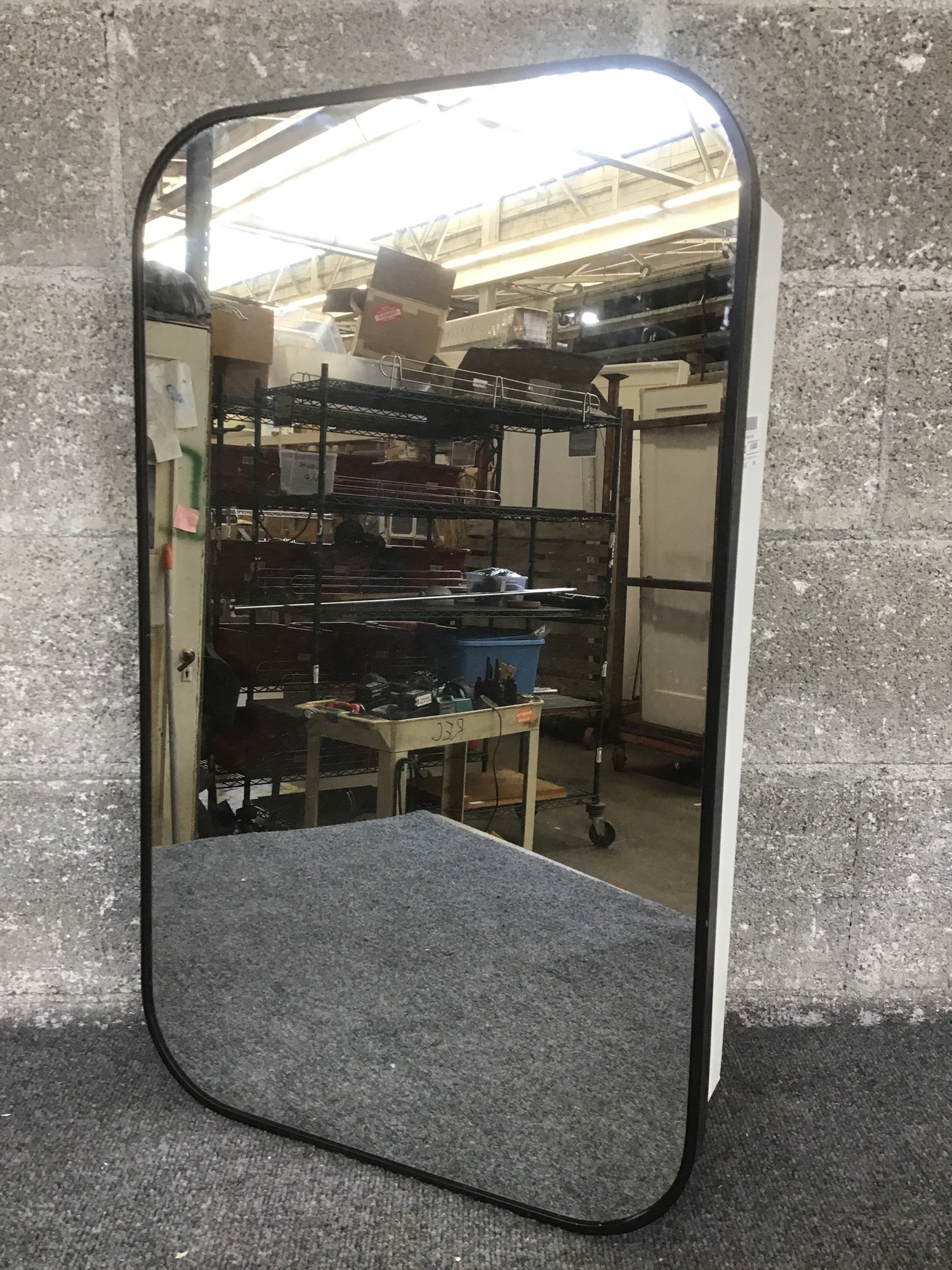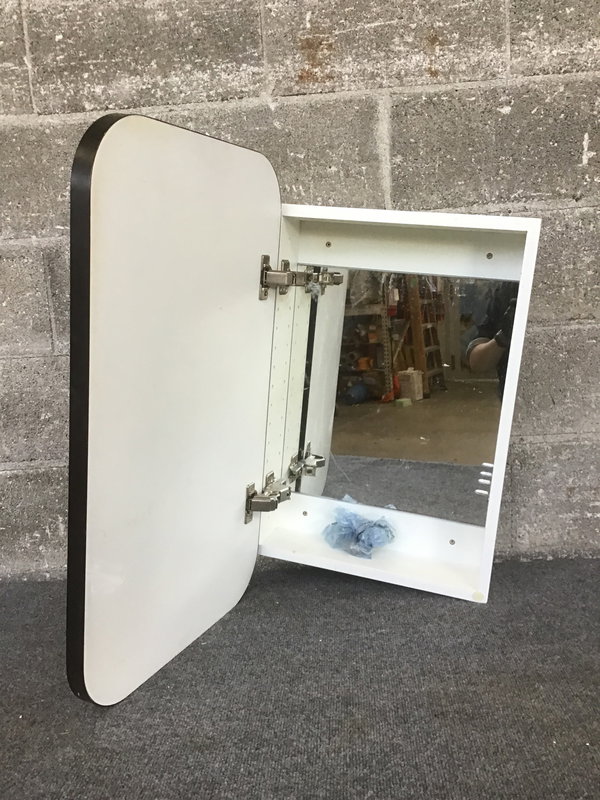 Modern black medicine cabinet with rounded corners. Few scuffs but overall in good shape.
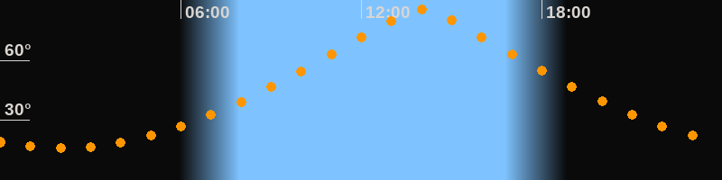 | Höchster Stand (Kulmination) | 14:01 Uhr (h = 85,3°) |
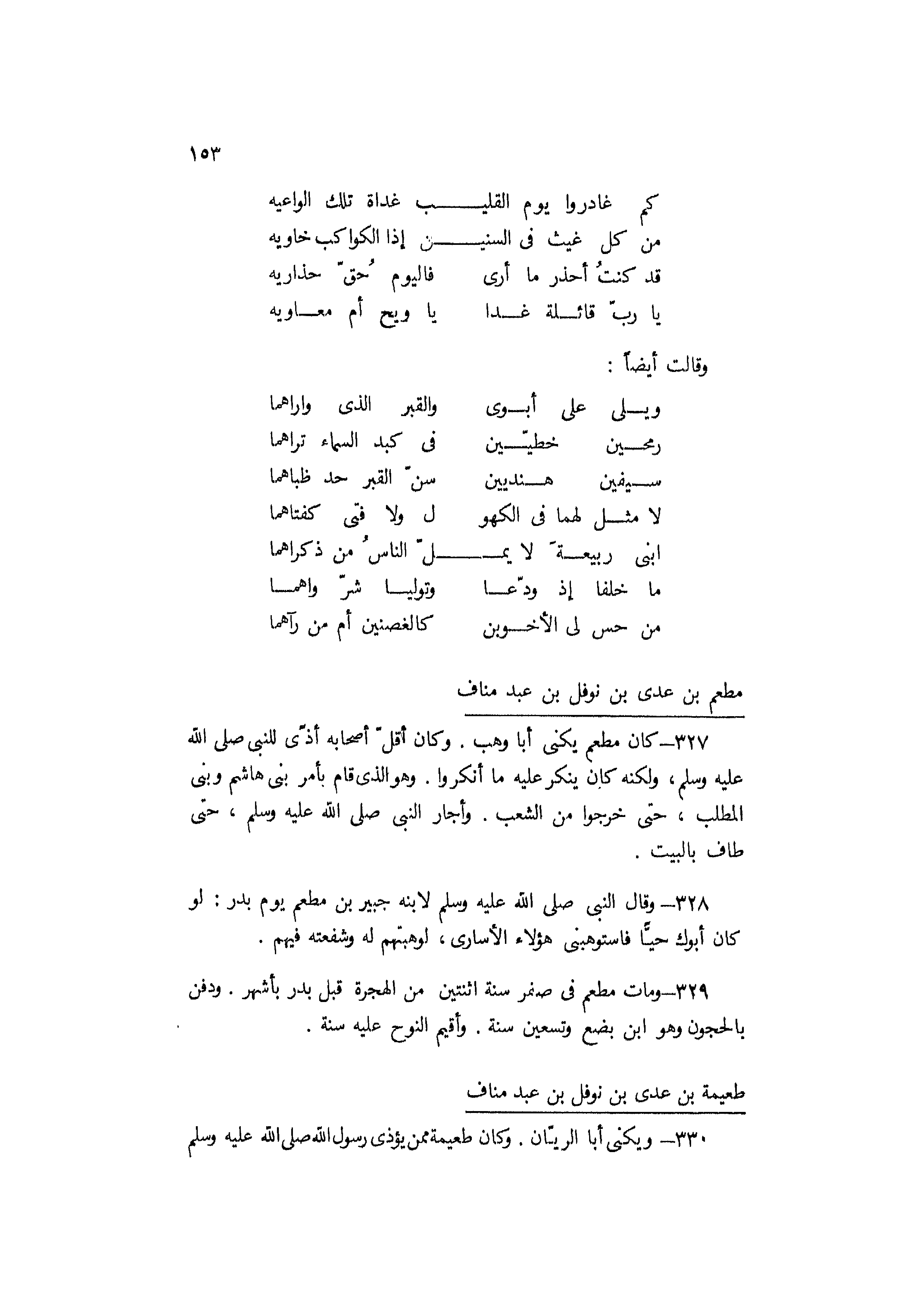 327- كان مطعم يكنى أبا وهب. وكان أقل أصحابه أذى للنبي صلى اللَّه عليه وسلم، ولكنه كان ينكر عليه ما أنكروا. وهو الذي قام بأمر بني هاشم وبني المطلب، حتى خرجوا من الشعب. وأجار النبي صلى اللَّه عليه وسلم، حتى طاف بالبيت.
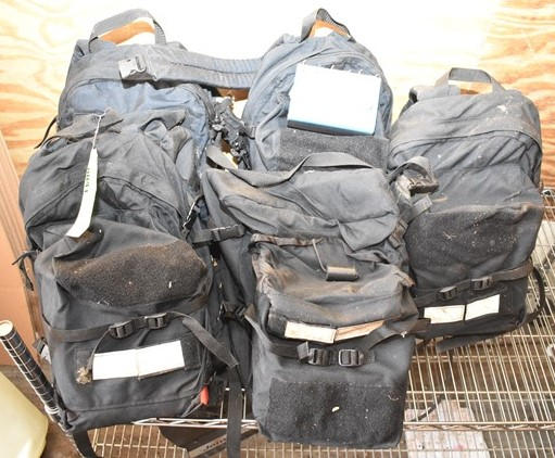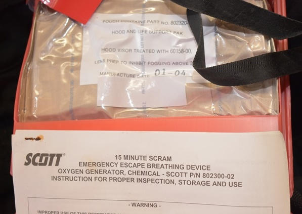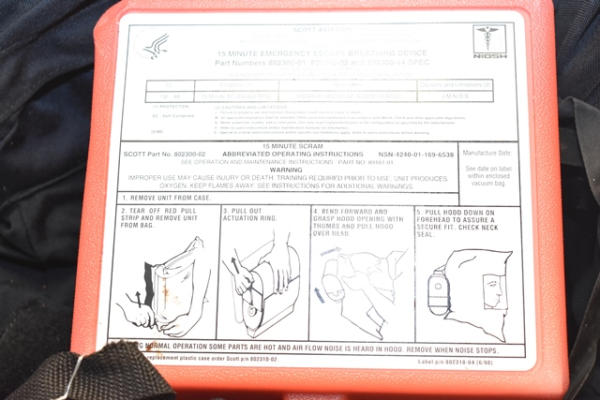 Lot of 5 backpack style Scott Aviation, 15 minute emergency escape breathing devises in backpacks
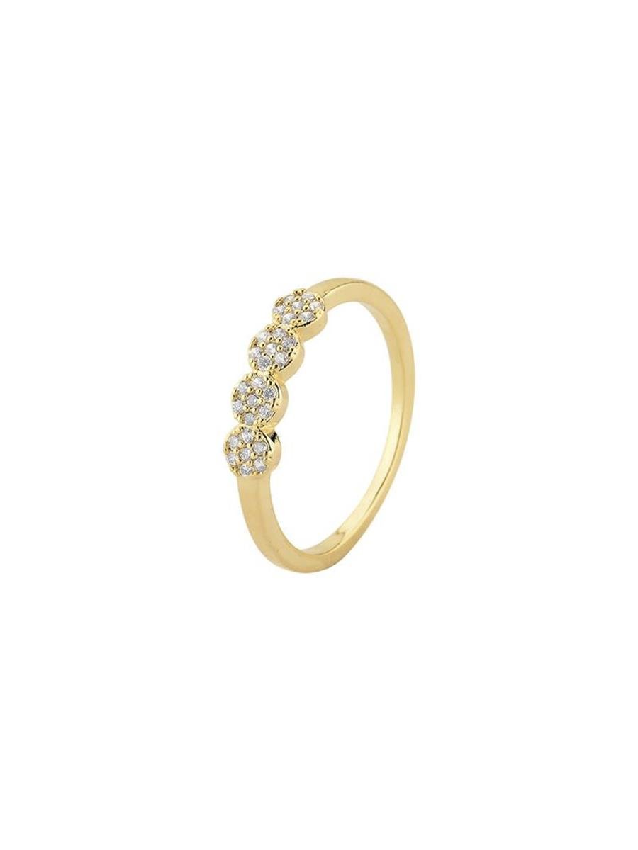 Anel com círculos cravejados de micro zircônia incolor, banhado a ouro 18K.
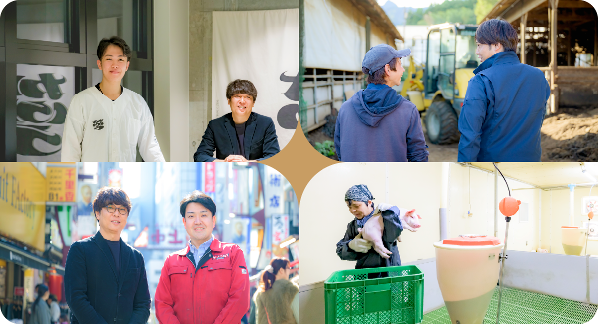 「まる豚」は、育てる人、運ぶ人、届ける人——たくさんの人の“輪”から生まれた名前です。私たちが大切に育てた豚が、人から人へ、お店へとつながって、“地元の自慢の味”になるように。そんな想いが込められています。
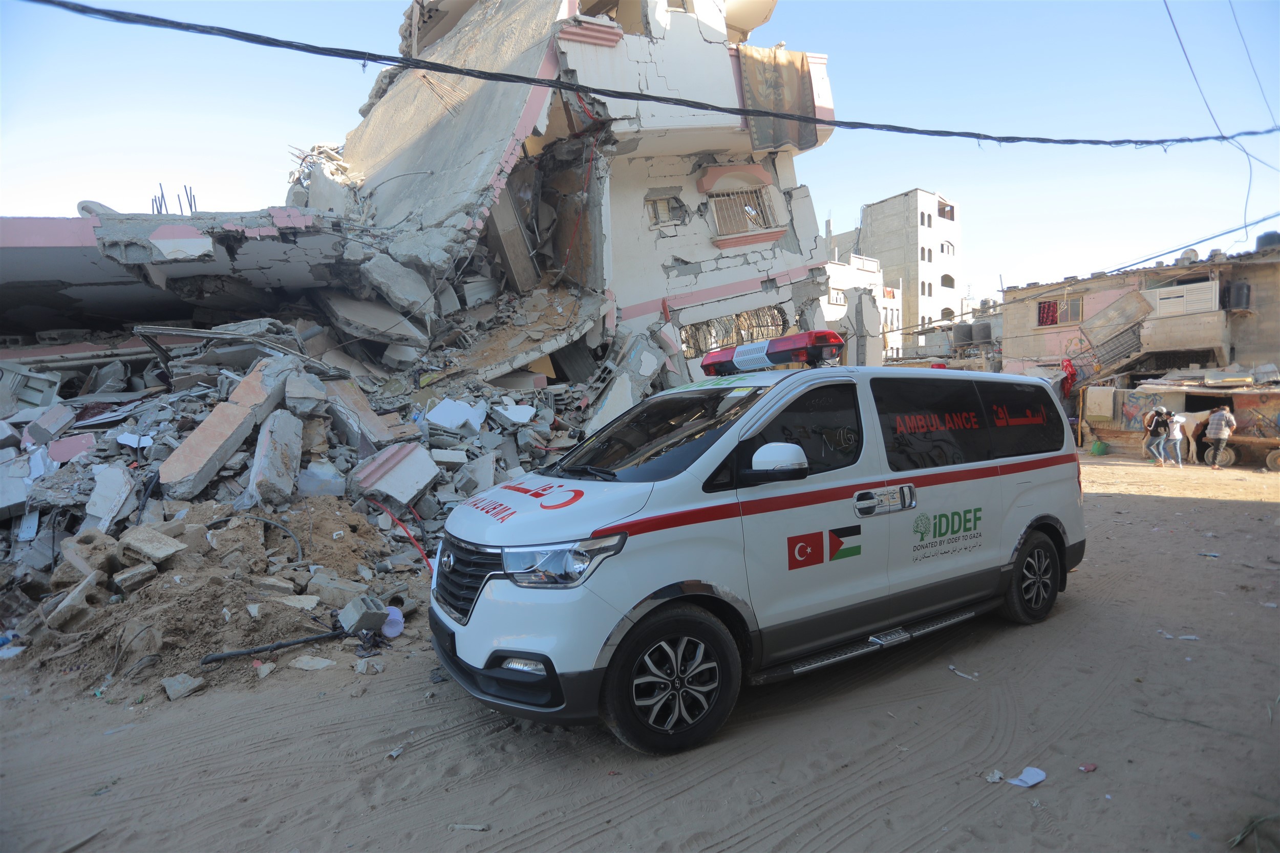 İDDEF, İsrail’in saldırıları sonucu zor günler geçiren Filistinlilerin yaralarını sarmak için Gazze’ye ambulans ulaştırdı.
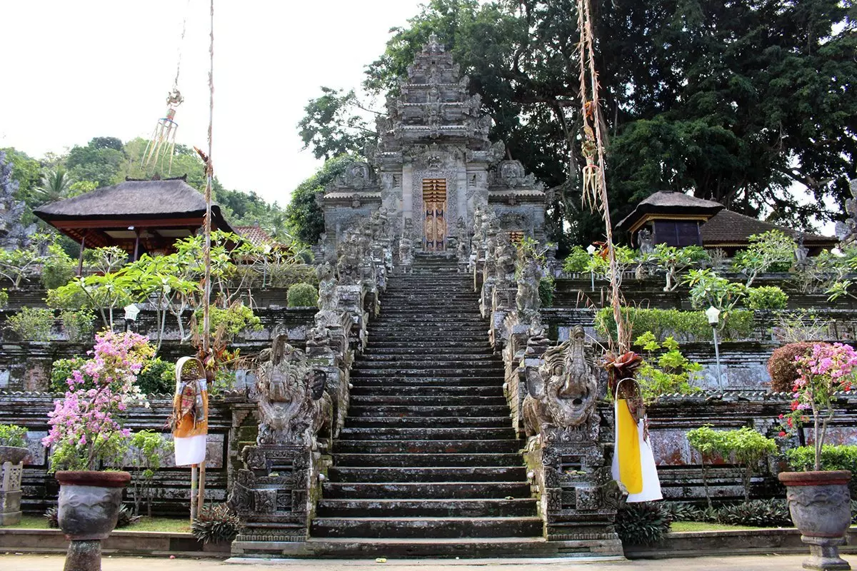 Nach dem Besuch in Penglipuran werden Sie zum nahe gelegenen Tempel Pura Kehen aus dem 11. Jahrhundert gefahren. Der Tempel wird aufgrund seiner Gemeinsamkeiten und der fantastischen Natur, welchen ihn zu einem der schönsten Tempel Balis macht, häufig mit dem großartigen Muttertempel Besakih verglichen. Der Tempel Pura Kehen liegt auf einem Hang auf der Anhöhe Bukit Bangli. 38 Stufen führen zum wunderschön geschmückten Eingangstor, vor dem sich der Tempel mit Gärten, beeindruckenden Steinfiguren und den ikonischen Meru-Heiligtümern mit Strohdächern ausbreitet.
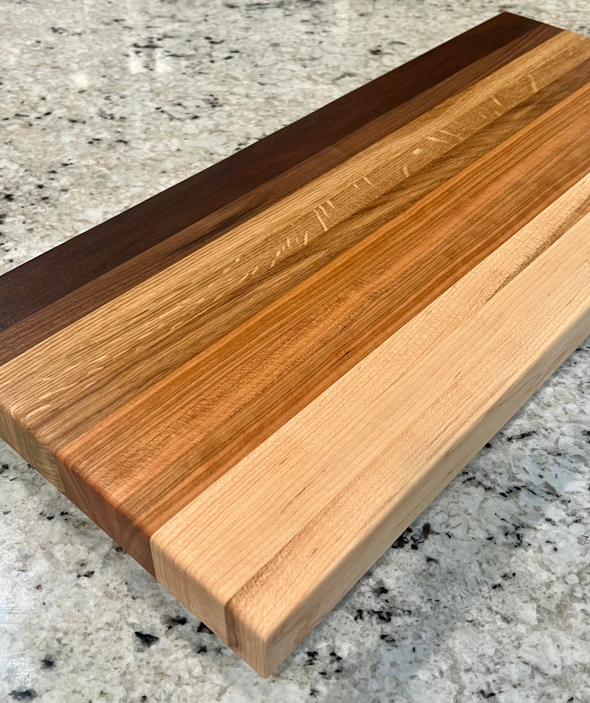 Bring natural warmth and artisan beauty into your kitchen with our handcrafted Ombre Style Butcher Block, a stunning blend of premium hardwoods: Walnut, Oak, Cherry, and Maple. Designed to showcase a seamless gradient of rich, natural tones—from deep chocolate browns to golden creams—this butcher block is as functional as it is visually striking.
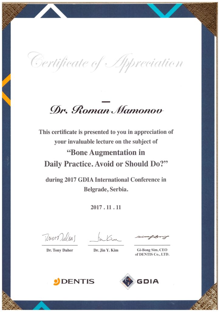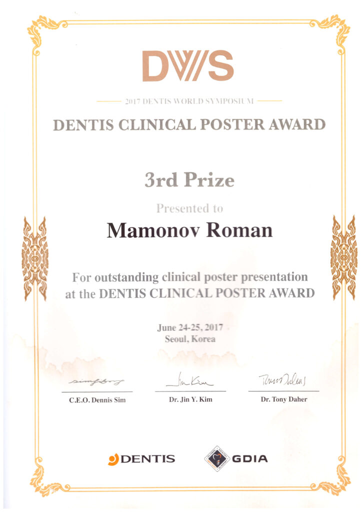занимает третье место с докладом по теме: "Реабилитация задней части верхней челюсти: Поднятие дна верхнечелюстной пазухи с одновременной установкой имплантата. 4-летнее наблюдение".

------------------------------------------------------------------------

*EXERCISE DIRECTIONS*
Exact text is required for the lines from the one with "Nach dem Besuch" through the last line of the entries, both included. Omit pictures.

*COMPLETED EXERCISE*
 Nach dem Besuch in Penglipuran werden Sie zum nahe gelegenen Tempel Pura Kehen aus dem 11. Jahrhundert gefahren. Der Tempel wird aufgrund seiner Gemeinsamkeiten und der fantastischen Natur, welchen ihn zu einem der schönsten Tempel Balis macht, häufig mit dem großartigen Muttertempel Besakih verglichen. Der Tempel Pura Kehen liegt auf einem Hang auf der Anhöhe Bukit Bangli. 38 Stufen führen zum wunderschön geschmückten Eingangstor, vor dem sich der Tempel mit Gärten, beeindruckenden Steinfiguren und den ikonischen Meru-Heiligtümern mit Strohdächern ausbreitet.
 Bring natural warmth and artisan beauty into your kitchen with our handcrafted Ombre Style Butcher Block, a stunning blend of premium hardwoods: Walnut, Oak, Cherry, and Maple. Designed to showcase a seamless gradient of rich, natural tones—from deep chocolate browns to golden creams—this butcher block is as functional as it is visually striking.
занимает третье место с докладом по теме: "Реабилитация задней части верхней челюсти: Поднятие дна верхнечелюстной пазухи с одновременной установкой имплантата. 4-летнее наблюдение".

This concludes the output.